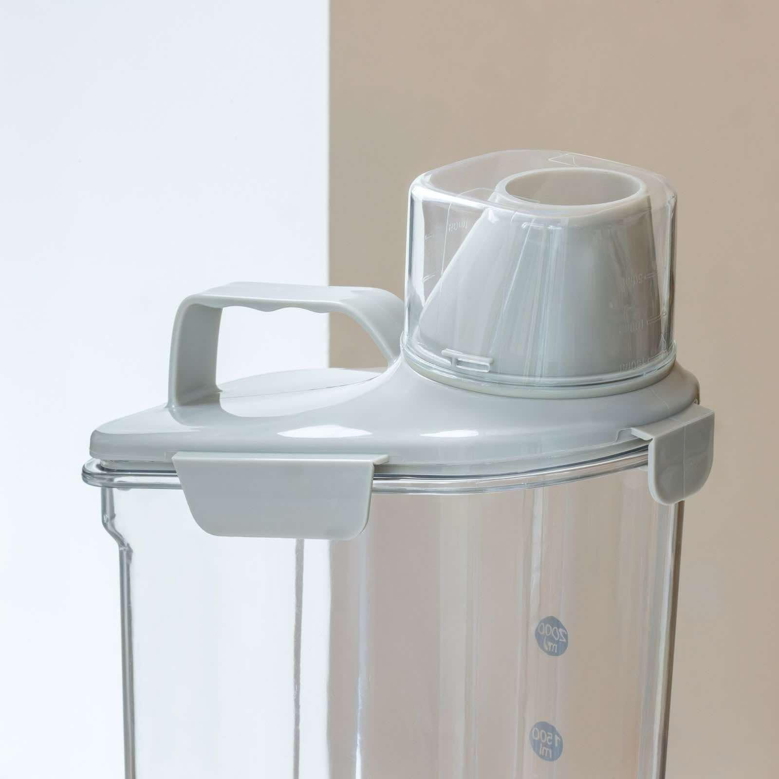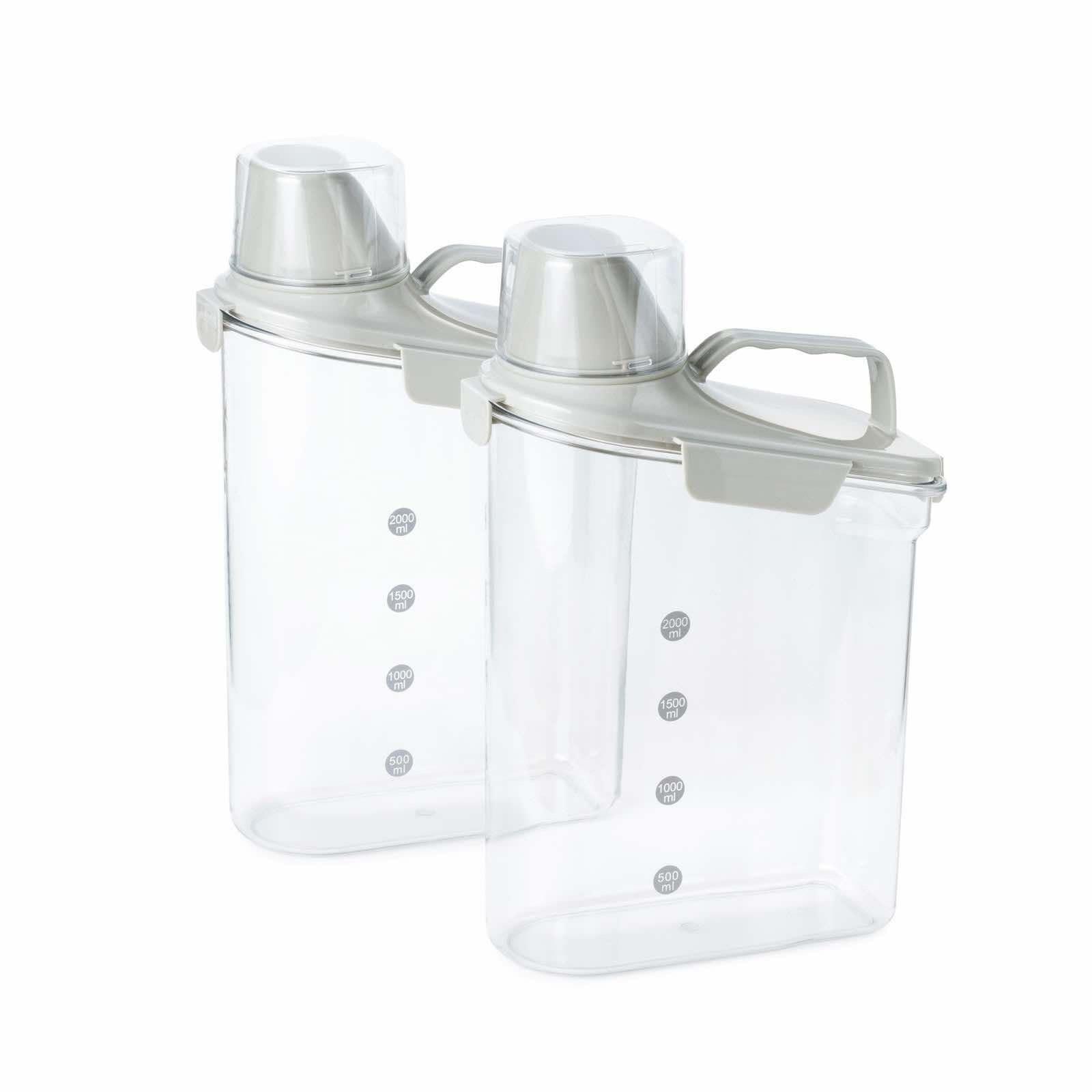 2 x beholdere med hældefunktion og målebæger
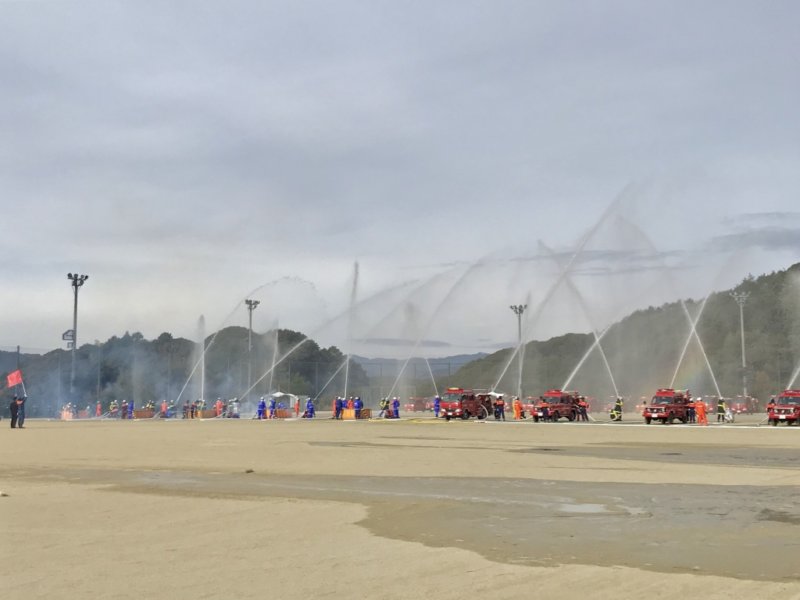 今回は、消防団の行進に、各分団の放水車17台も一緒に行進していました。
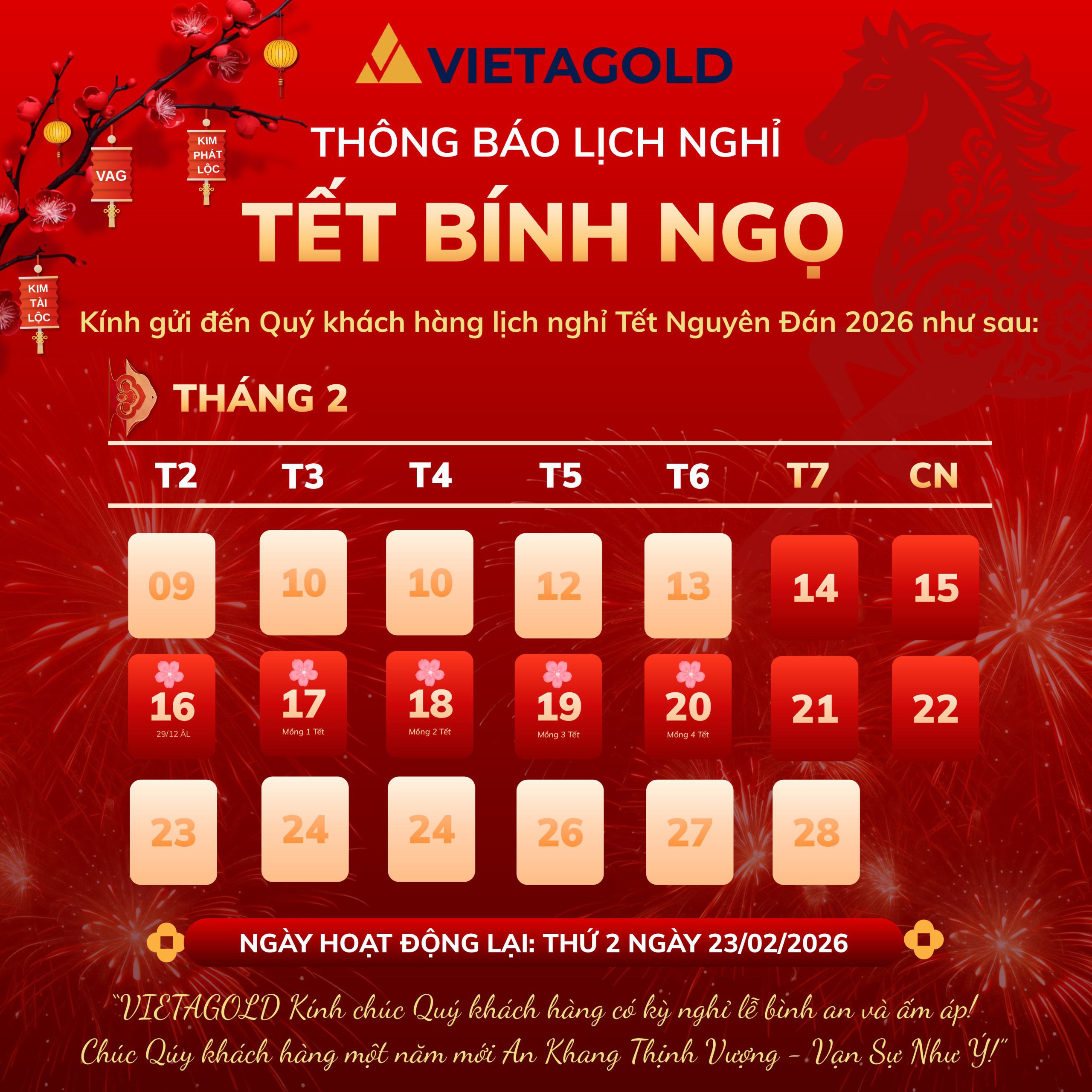 VIETAGOLD trân trọng thông báo lịch nghỉ lễ Tết Nguyên Đán 2026 như sau:
* * *
Task objective: Except for the pictures, give all the material above again verbatim.

Final answer:
 2 x beholdere med hældefunktion og målebæger
 今回は、消防団の行進に、各分団の放水車17台も一緒に行進していました。
 VIETAGOLD trân trọng thông báo lịch nghỉ lễ Tết Nguyên Đán 2026 như sau:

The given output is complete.